## HOW TO COMPLETE THIS TASK
The reply is to be the lines from the one with "3. Have been" through the last line of the records below, each retyped exactly, with pictures left out.

## MATERIAL TO PROCESS

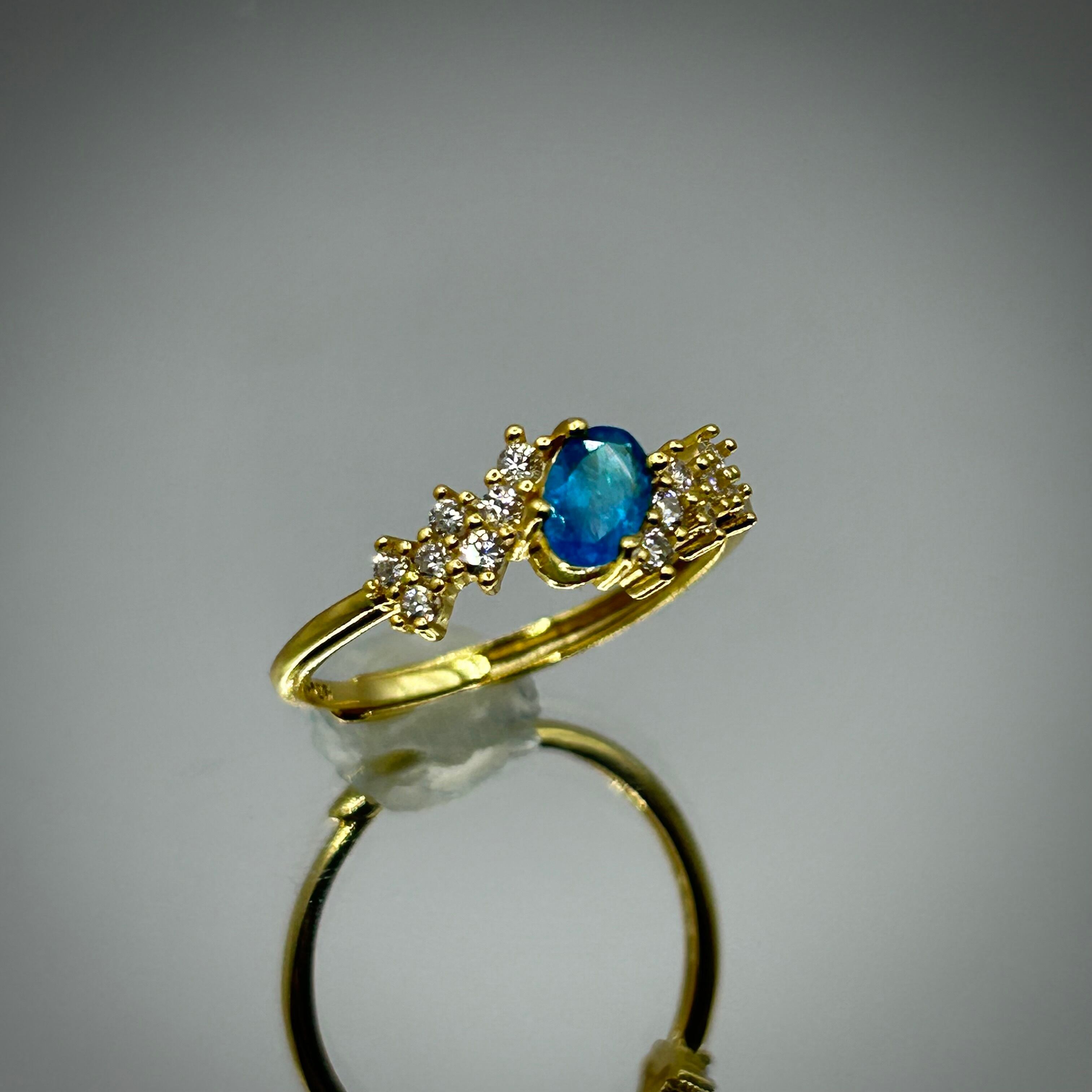 ゴールドカラーに映えるブルーが目を引くリングです。
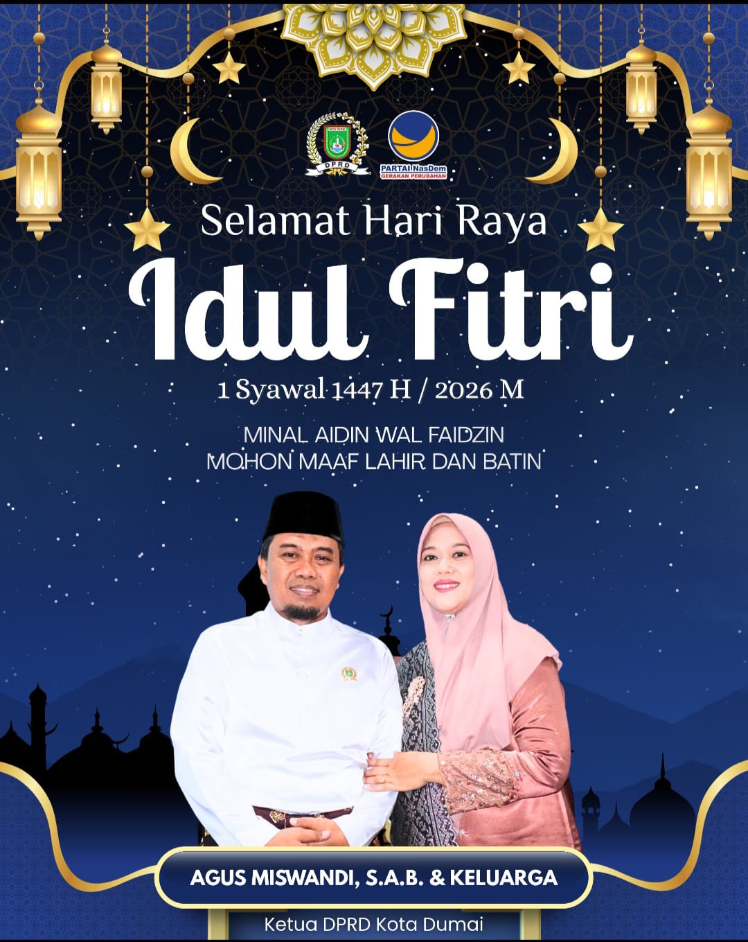 DUMAI – Ketua DPRD Kota Dumai, Agus Miswandi, S.A.B., menyampaikan ucapan Selamat Hari Raya Idul Fitri 1447 H / 2026 M kepada seluruh masyarakat.
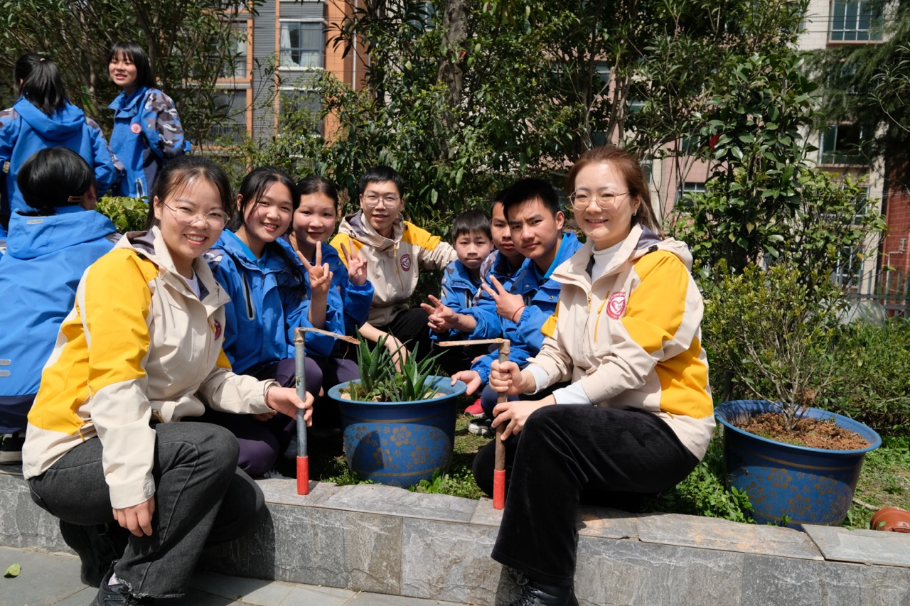 我校第24届研支团锦屏支队陈珍组织同学们通过在校园内开展装扮植物角、为专属树木起名字、装扮花园里的树木等形式,使广大师生了解到植物特性,提高学生的环保意识,培养学生的环保责任感。为校园增添了春天的生命力,传递“珍惜绿色 爱护环境”理念。
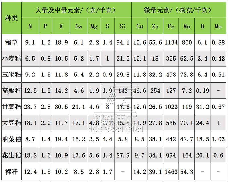 秸稈中含有大量的有機(jī)質(zhì)和氮(N)、磷(P)、鉀(K)、鈣(Ca)、鎂(Mg)、硫(S)、硅(Si)、銅(Cu)、錳(Mn)、鋅(Zn)、鐵(Fe)、鉬(Mo)等營(yíng)養(yǎng)元素,主要作物秸稈的營(yíng)養(yǎng)元素含量見表1。
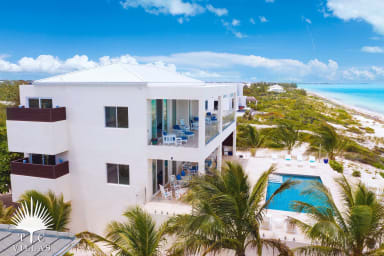 Brand-new beachfront estate on Long Bay, offering 11,500 sq ft of luxury with a mosaic-tiled pool, gym, media room, two kitchens, and outdoor showers. With direct beach access, kayaks, paddleboards, and calm turquoise waters just outside your door, it’s perfect for families or groups seeking a private Caribbean retreat with endless amenities.
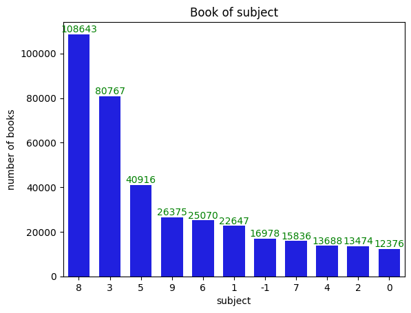 import seaborn as sns fig = sns.barplot(x=count_by_subject.index,y=count_by_subject.values, width=0.7, color='blue') fig.bar_label(fig.containers[0], fontsize=10, color='green'); fig.set_title('Book of subject') fig.set_xlabel('subject') fig.set_ylabel('number of books')
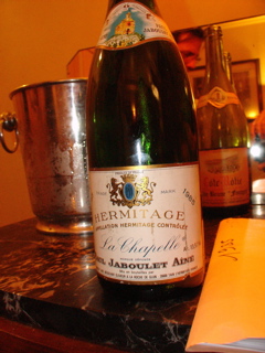 C’est un vin à l’aube de son existence issu des vignes de syrah qui s’épanouissent au sommet de l’hermitage près de la chapelle Saint Christophe, propriété de la famille Jaboulet depuis 1919. D’une robe pourpre foncé bordée de bleu noir, ce vin porte le sceau de sa réputation. Le nez est superbement concentré, complexe et net. Il développe de délicats mais puissants parfums de fruits noirs, de café, de cerise griotte, de poivre blanc, de cuir neuf. Construit sur des tannins classieux” et puissants, d’un équilibre royal, cette “chapelle” saura se faire attendre pour être dans quelques années dignes des plus “fins gosiers” (que nous sommes!).
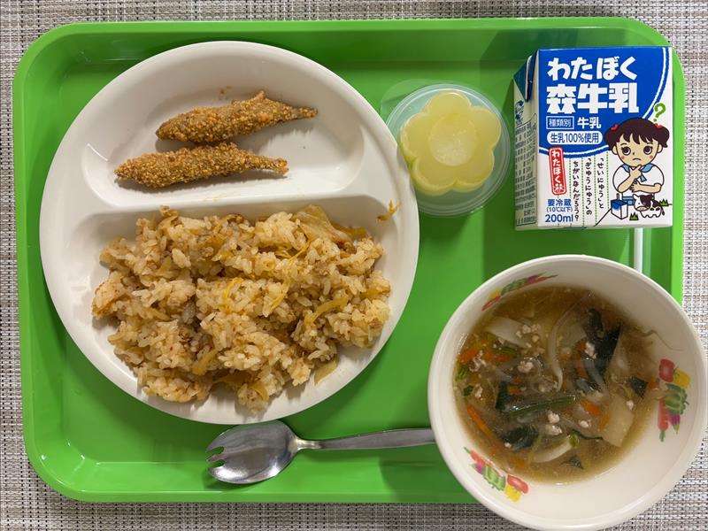 【今日の献立】 キムタクごはん・きびなごカリカリフライ・ワンタンスープ・オレンジゼリー・牛乳
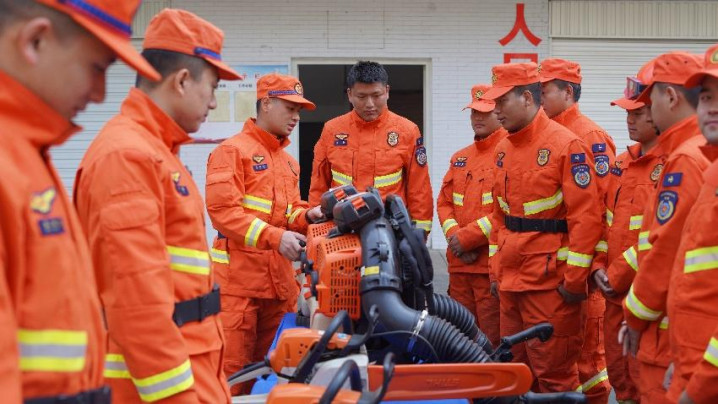 消防救援人员为攀枝花米易县地方专业扑火队员讲解森林灭火装备。王古清摄
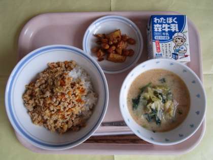 ・大豆とじゃがいもの甘辛和え ・牛乳
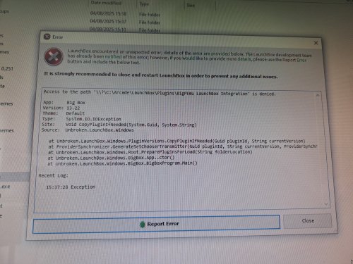3. Have been syncing files to Google Drive recently so am presuming this issue, not seen before, is linked to that. i've tried recovering the files from Google Drive and have downloaded 13.22 as opposed to existing 13.21 version but keep getting attached error message whatever Launchbox or Bigbox .exe I try.
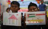 REPUBLIKA.CO.ID, PIDIE -- Anak imigran etnis Rohingya memperlihatkan hasil karya menggambarnya pada kegiatan bertema Melukis Mimpi di lokasi penampungan sementara Mina Raya, Kabupaten Pidie, Aceh, Jumat (20/6/2025).
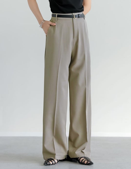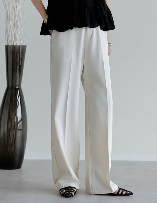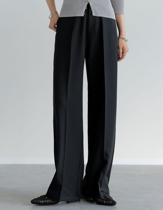 脚を長く見せるすっきりとしたセンタープレス入り&美しいストレートシルエットが高見え効果をプラス。
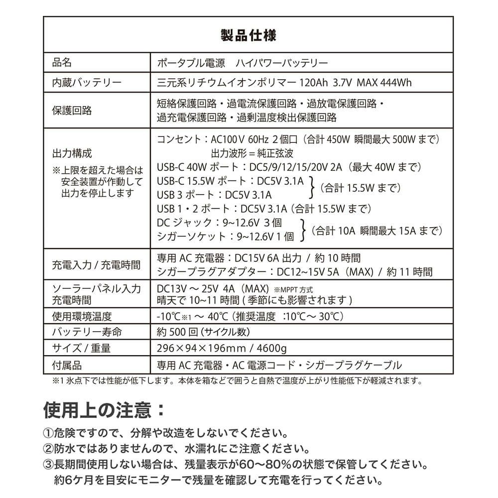 他の画像を見る 1年間保証 超大容量 120,000mAh 444Wh 5つ出力方式 AC (450W 瞬間最大500W) / DC / USB / シガーソケット出力 災害用備蓄品 防災セット ポータブル電源 大容量 120 公式サイト販売価格 ¥ 56,809 税込 在庫切れ 詳細を見る お気に入りに登録する
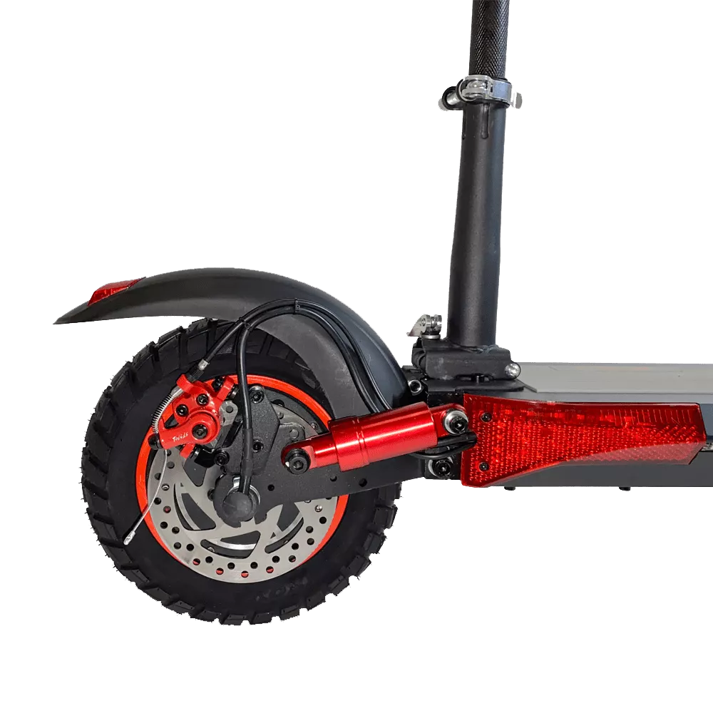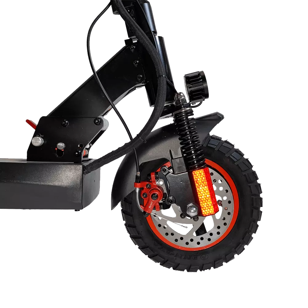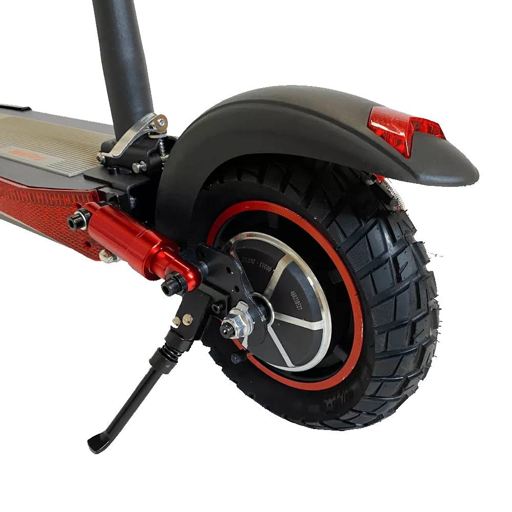 Отличные ходовые характеристики сделали эту модель популярной. Агрегат не боится бездорожья, мощный двигатель 500 Вт и хорошая амортизация делает движение по гравийной и грунтовой дороге достаточно комфортным. Два пружинных амортизатора на переднем и два на заднем колесе делают ход самоката мягким. Для удобного передвижения на большие расстояния предусмотрено съемное сидение. Руль и сидение регулируется по высоте. Колеса с накачиваемыми шинами имеют диаметр 10 дюймов. На переднем и заднем колесах установлена дисковая тормозная система.
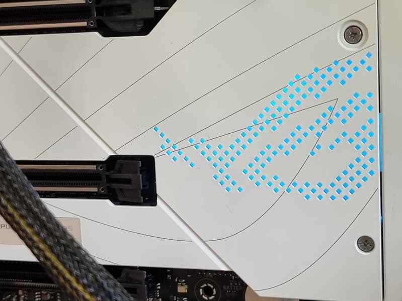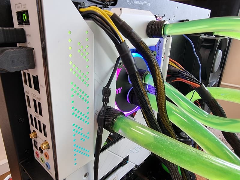 Радиатор VRM, идущий вдоль заднего блока портов, имеет кожух, прикрывающий тот самый блок, оснащенный подсветкой.

## WORKED SOLUTION
3. Have been syncing files to Google Drive recently so am presuming this issue, not seen before, is linked to that. i've tried recovering the files from Google Drive and have downloaded 13.22 as opposed to existing 13.21 version but keep getting attached error message whatever Launchbox or Bigbox .exe I try.
 REPUBLIKA.CO.ID, PIDIE -- Anak imigran etnis Rohingya memperlihatkan hasil karya menggambarnya pada kegiatan bertema Melukis Mimpi di lokasi penampungan sementara Mina Raya, Kabupaten Pidie, Aceh, Jumat (20/6/2025).
 脚を長く見せるすっきりとしたセンタープレス入り&美しいストレートシルエットが高見え効果をプラス。
 他の画像を見る 1年間保証 超大容量 120,000mAh 444Wh 5つ出力方式 AC (450W 瞬間最大500W) / DC / USB / シガーソケット出力 災害用備蓄品 防災セット ポータブル電源 大容量 120 公式サイト販売価格 ¥ 56,809 税込 在庫切れ 詳細を見る お気に入りに登録する
 Отличные ходовые характеристики сделали эту модель популярной. Агрегат не боится бездорожья, мощный двигатель 500 Вт и хорошая амортизация делает движение по гравийной и грунтовой дороге достаточно комфортным. Два пружинных амортизатора на переднем и два на заднем колесе делают ход самоката мягким. Для удобного передвижения на большие расстояния предусмотрено съемное сидение. Руль и сидение регулируется по высоте. Колеса с накачиваемыми шинами имеют диаметр 10 дюймов. На переднем и заднем колесах установлена дисковая тормозная система.
 Радиатор VRM, идущий вдоль заднего блока портов, имеет кожух, прикрывающий тот самый блок, оснащенный подсветкой.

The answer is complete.